Any notice which CONSULTANT may desire or is required at any time to give or serve upon
DISTRICT may be delivered personally at EBMUD, 375 - 11th Street, Oakland, CA 94607-
4240, or be sent by United States mail, postage prepaid, addressed to:
Director of (Wastewater Department or Engineering and Construction Department)
P.O. Box 24055
Oakland, CA 94623-1055
or at such other address as shall have been last furnished in writing by DISTRICT to
CONSULTANT.
Such personal delivery or mailing in such manner shall constitute a good, sufficient and lawful
notice and service thereof in all such cases.
ARTICLE 9 - MISCELLANEOUS
9.1 This Agreement represents the entire understanding of DISTRICT and CONSULTANT
as to those matters contained herein. No prior oral or written understanding shall be of
any force or effect with respect to those matters covered hereunder. This Agreement may
only be modified by amendment in writing signed by each party.

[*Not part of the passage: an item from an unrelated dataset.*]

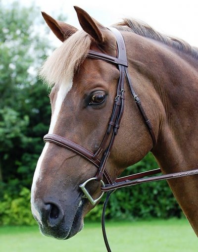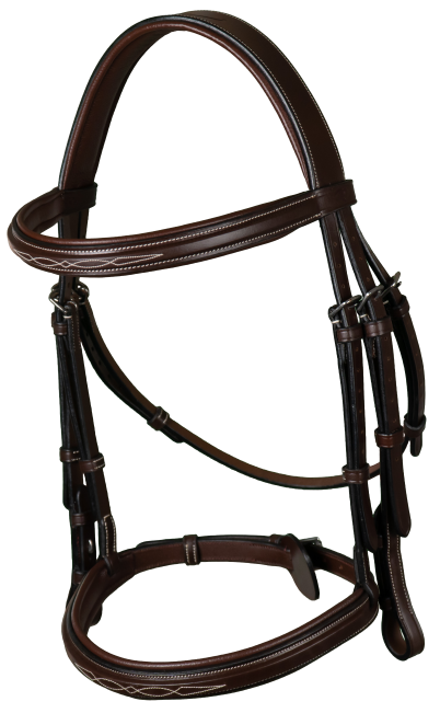Cavesson bridle in fine Catalan leather with anatomic headpiece. Features include fancy stitched, slightly square raised and padded cavesson noseband and browband. Cream stitching & stainless steel buckles.

9.2 This Agreement is to be binding on the successors and assigns of the parties hereto. The
services called for herein are deemed unique and CONSULTANT shall not assign,
transfer or otherwise substitute its interest in this Agreement or any of its obligations
hereunder without the prior written consent of DISTRICT.
9.3 Should any part of this Agreement be declared by a final decision by a court or tribunal
of competent jurisdiction to be unconstitutional, invalid or beyond the authority of either
party to enter into or carry out, such decision shall not affect the validity of the remainder
of this Agreement, which shall continue in full force and effect, provided that the
remainder of this Agreement can be interpreted to give effect to the intentions of the
parties.
9.4 Multiple copies of this Agreement may be executed by the parties and the parties agree
that the Agreement on file at the DISTRICT is the version of the Agreement that shall
take precedence should any differences exist among counterparts of the Agreement.
9.5 This Agreement and all matters relating to it shall be governed by the laws of the State of
California.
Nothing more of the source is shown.